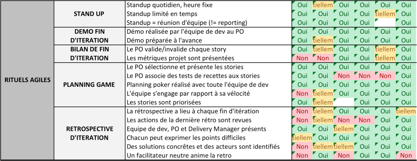 Au delà de savoir si nos projets étaient agiles, notre volonté était d'améliorer nos pratiques. Et pour améliorer, il faut mesurer. D'où l'idée de lister les points de méthodes appliquables concrètement dans nos missions.
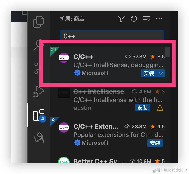 如下图示,点击扩展,然后在商店文本框中输入 C/C++ ,再选择 C/C++ 插件,点击安装。
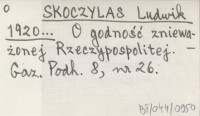 SKOCZYLAS Ludwik 1920... O godności znieważonej Rzeczypospolitej.

══════════════════════════════

REQUIRED WORK: Restate each line from the start of the listing through the line bearing "如下图示,点击扩展,然后在商店文本框中输入 C/C++ ,再选择" word for word. Drop the pictures.

EXERCISE RESPONSE:
 Au delà de savoir si nos projets étaient agiles, notre volonté était d'améliorer nos pratiques. Et pour améliorer, il faut mesurer. D'où l'idée de lister les points de méthodes appliquables concrètement dans nos missions.
 如下图示,点击扩展,然后在商店文本框中输入 C/C++ ,再选择 C/C++ 插件,点击安装。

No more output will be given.